= Ragsdale conjecture =

The Ragsdale conjecture is a mathematical conjecture that concerns the possible arrangements of real algebraic curves embedded in the projective plane. It was proposed by Virginia Ragsdale in her dissertation in 1906 and was disproved in 1979. It has been called "the oldest and most famous conjecture on the topology of real algebraic curves".

==Formulation of the conjecture==
Ragsdale's dissertation, "On the Arrangement of the Real Branches of Plane Algebraic Curves," was published by the American Journal of Mathematics in 1906. The dissertation was a treatment of Hilbert's sixteenth problem, which had been proposed by Hilbert in 1900, along with 22 other unsolved problems of the 19th century; it is one of the handful of Hilbert's problems that remains wholly unresolved. Ragsdale formulated a conjecture that provided an upper bound on the number of topological circles of a certain type, along with the basis of evidence.

==Conjecture==
Ragsdale's main conjecture is as follows.

Assume that an algebraic curve of degree 2k contains p even and n odd ovals. Ragsdale conjectured that

$p \le \tfrac32 k(k-1) + 1 \quad\text{and}\quad n \le \tfrac32 k(k-1).$

She also posed the inequality

$| 2(p-n)-1 | \le 3k^2 - 3k + 1,$

and showed that the inequality could not be further improved. This inequality was later proved by Petrovsky.

==Disproving the conjecture==
The conjecture was held of very high importance in the field of real algebraic geometry for most of the twentieth century.
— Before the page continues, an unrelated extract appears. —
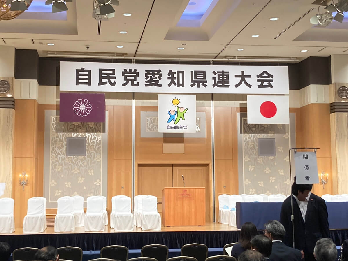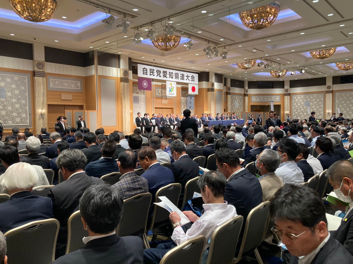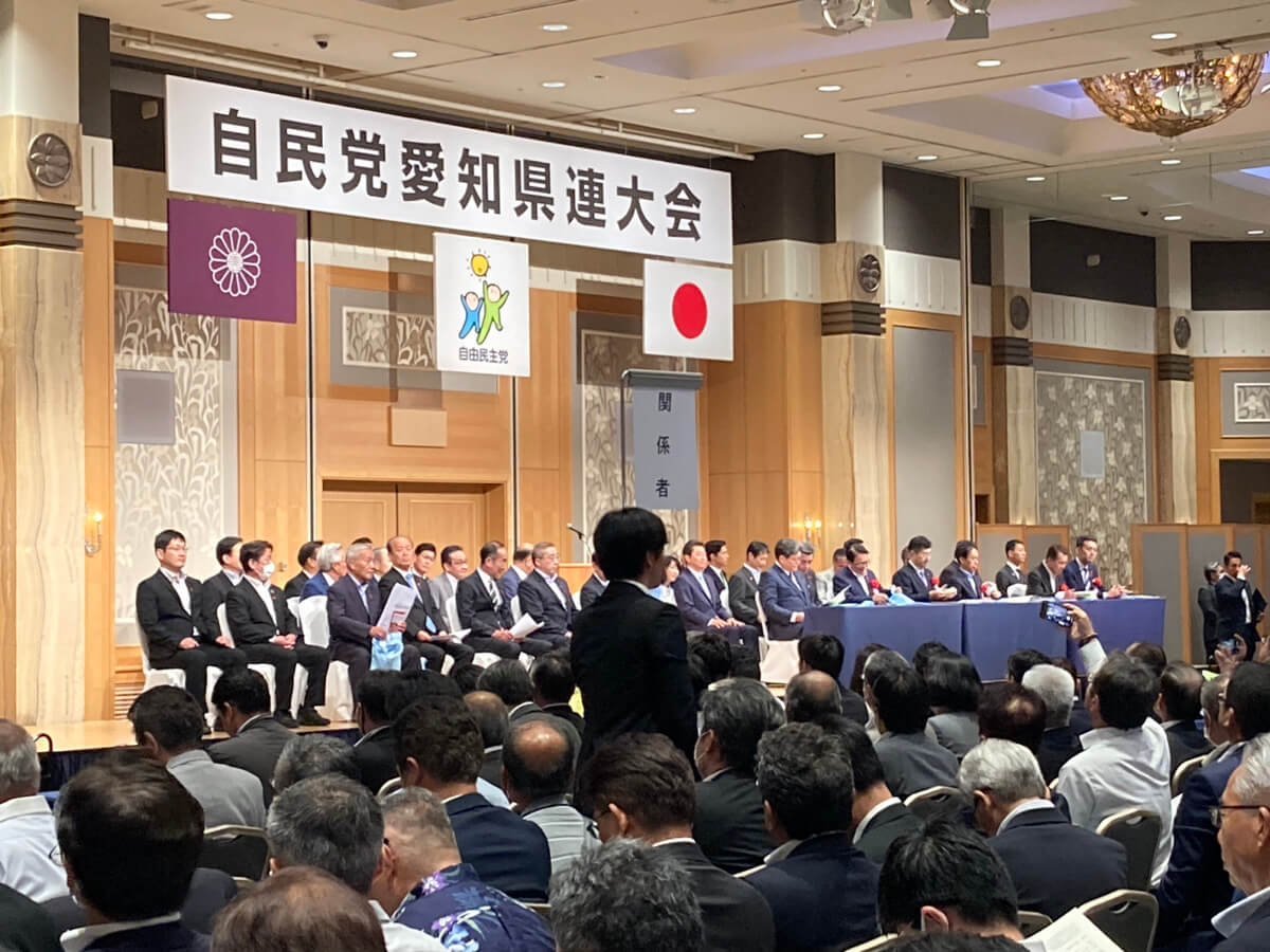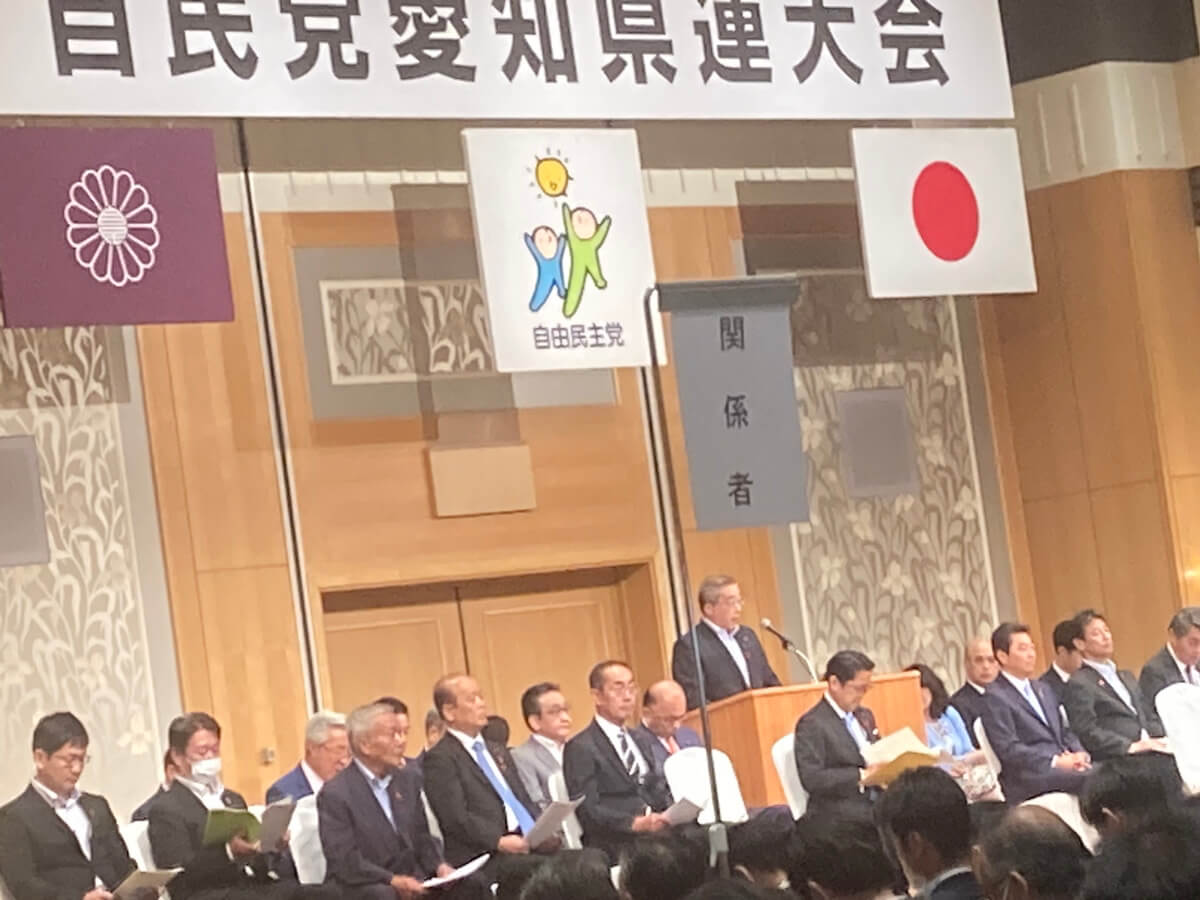 6月24日に開催された自民党愛知県連大会に参加しました。開会宣言、県連会長挨拶、来賓挨拶(萩生田政務調査会長、大村知事、公明党里見愛知県本部代表)、来賓紹介、会員運営委員長報告の後、議事に移りました。

Later, in 1980, Oleg Viro introduced a technique known as "patchworking algebraic curves" and used to generate a counterexample to the conjecture.

In 1993, Ilia Itenberg produced additional counterexamples to the Ragsdale conjecture, so Viro and Itenberg wrote a paper in 1996 discussing their work on disproving the conjecture using the "patchworking" technique.

The problem of finding a sharp upper bound remains unsolved.